** Work required **
Reproduce exactly the lines below from the one containing "村宴,不仅是味觉的盛宴,更是" through the one containing "Grille For 2018", including both, and nothing else.
(Records supplied Opens)
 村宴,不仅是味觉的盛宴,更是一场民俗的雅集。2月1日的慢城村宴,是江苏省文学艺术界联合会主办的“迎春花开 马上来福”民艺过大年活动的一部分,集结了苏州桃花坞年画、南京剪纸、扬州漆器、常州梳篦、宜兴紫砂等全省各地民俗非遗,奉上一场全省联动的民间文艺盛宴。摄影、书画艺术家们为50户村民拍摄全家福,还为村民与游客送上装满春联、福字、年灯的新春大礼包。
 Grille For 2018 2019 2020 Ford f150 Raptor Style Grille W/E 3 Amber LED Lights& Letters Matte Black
(Records supplied Closes)
(Records supplied Opens)
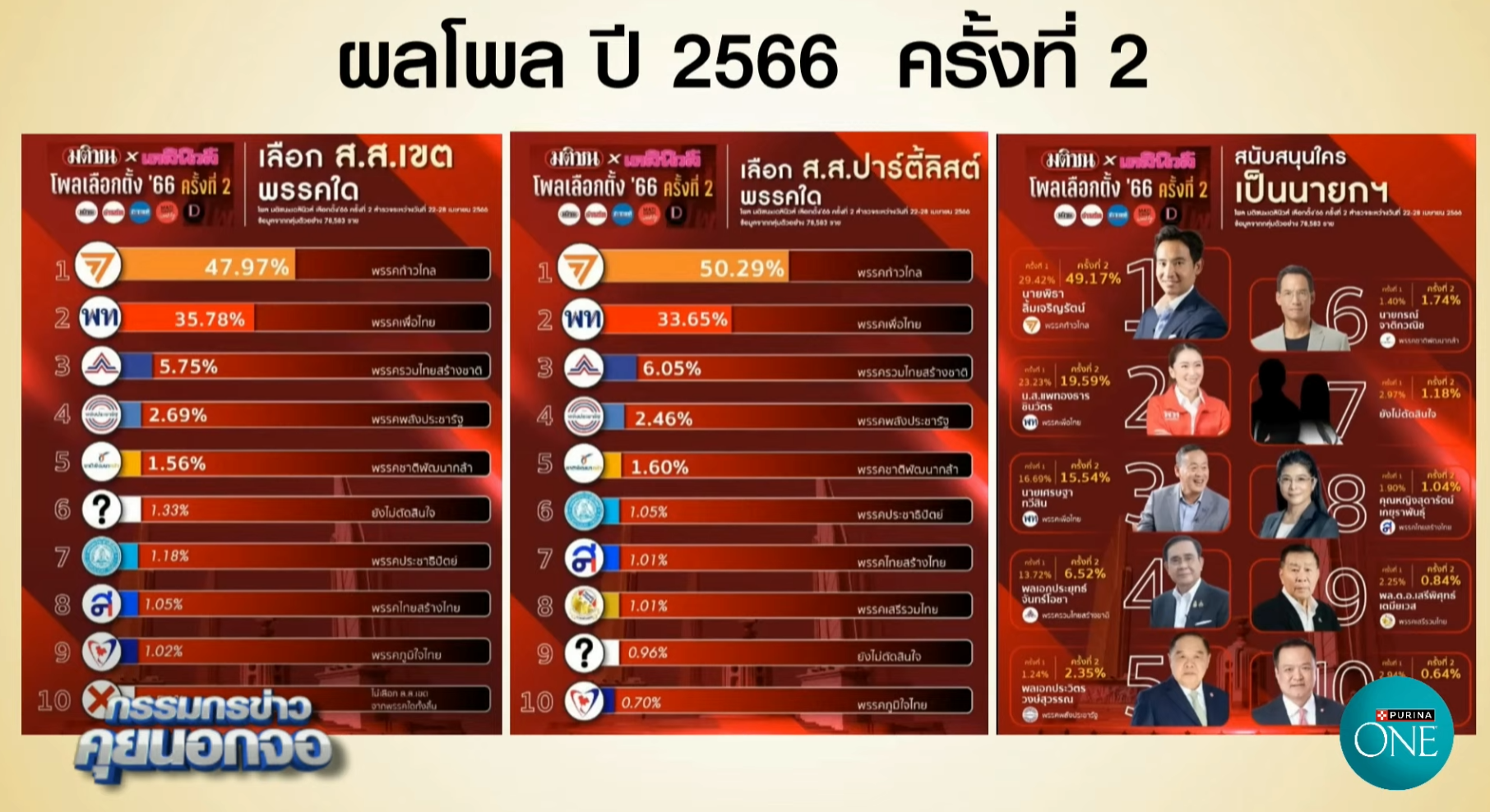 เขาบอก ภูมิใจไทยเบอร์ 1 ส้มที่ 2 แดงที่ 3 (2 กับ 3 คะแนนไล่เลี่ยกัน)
(Records supplied Closes)
(Records supplied Opens)
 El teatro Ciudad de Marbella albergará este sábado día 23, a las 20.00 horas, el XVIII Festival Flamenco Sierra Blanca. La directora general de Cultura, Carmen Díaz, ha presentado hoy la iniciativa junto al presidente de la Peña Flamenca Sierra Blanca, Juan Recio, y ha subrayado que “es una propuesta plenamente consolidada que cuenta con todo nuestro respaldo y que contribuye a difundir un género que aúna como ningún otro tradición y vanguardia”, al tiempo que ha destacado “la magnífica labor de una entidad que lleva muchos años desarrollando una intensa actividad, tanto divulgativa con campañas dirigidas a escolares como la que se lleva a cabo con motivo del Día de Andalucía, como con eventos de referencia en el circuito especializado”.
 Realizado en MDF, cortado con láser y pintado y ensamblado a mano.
(Records supplied Closes)
** Exercise solution **
 村宴,不仅是味觉的盛宴,更是一场民俗的雅集。2月1日的慢城村宴,是江苏省文学艺术界联合会主办的“迎春花开 马上来福”民艺过大年活动的一部分,集结了苏州桃花坞年画、南京剪纸、扬州漆器、常州梳篦、宜兴紫砂等全省各地民俗非遗,奉上一场全省联动的民间文艺盛宴。摄影、书画艺术家们为50户村民拍摄全家福,还为村民与游客送上装满春联、福字、年灯的新春大礼包。
 Grille For 2018 2019 2020 Ford f150 Raptor Style Grille W/E 3 Amber LED Lights& Letters Matte Black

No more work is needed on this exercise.